My father encouraged Shankar to become a driver, and when we returned to India in 1998, Shankar joined us, with both his skills and income improving gradually over the years. It seemed like things were working out for Shankar, almost reflecting India’s slow but steady rise out of poverty.

Until this year.

Earlier this year, his older brother, who had become a successful mason in the intervening years, but had a bad drinking problem, committed suicide. Just like that, one Sunday night. He was like a Jekyll-and-Hyde character, transforming on Sundays into a dreadful drunk, returning to normalcy on Monday morning.

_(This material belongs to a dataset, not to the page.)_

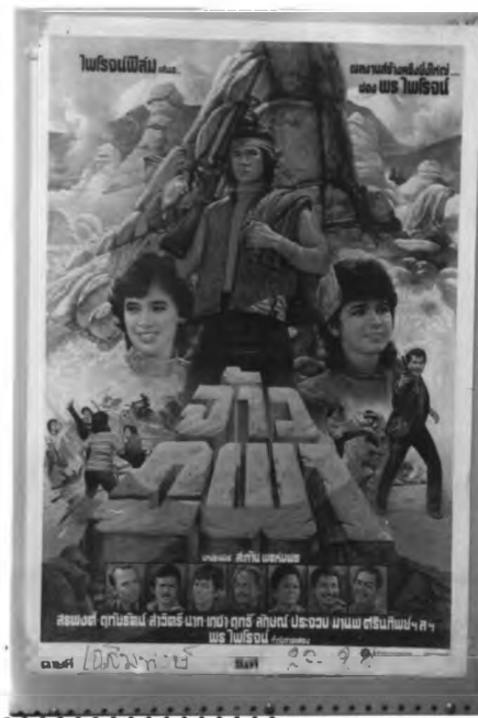
ภาพที่ 6.6 ตัวอย่างโปสเตอร์ภาพยนตร์ไทยแนวบู๊ที่แสดงลักษณะตัวอักษร

ตัวอักษรของโปสเตอร์ภาพยนตร์แนวบู๊ ประมาณ 85% มีลักษณะเหลี่ยมหนา เหมือนตัวพิมพ์ ที่เหลือ 15% เป็นตัวอักษรที่มีลักษณะเหมือนกับตัวอักษรประดิษฐ์ ซึ่งอาจประดิษฐ์ให้เหมาะสมกับชื่อเรื่องก็ได้ แต่ไม่ว่าจะเป็นตัวอักษรลักษณะใดเมื่อมองโดยภาพรวม จะเห็นว่าตัวอักษรของโปสเตอร์ภาพยนตร์แนวบู๊จะให้ความรู้สึกถึงความหนักแน่น ความมั่นคงและความเข้มแข็ง

That Sunday, the rguments were fiercer and more melodramatic. His wife woke up the next day to find her husband dead. Shankar was heartbroken—we were afraid he couldn’t handle the tragedy. After the death ceremonies, he promised the widow he would take care of the children.

Every few months, he would visit his village, checking on his ageing mother and meeting his other siblings—an older brother and a sister, both of whom had several children.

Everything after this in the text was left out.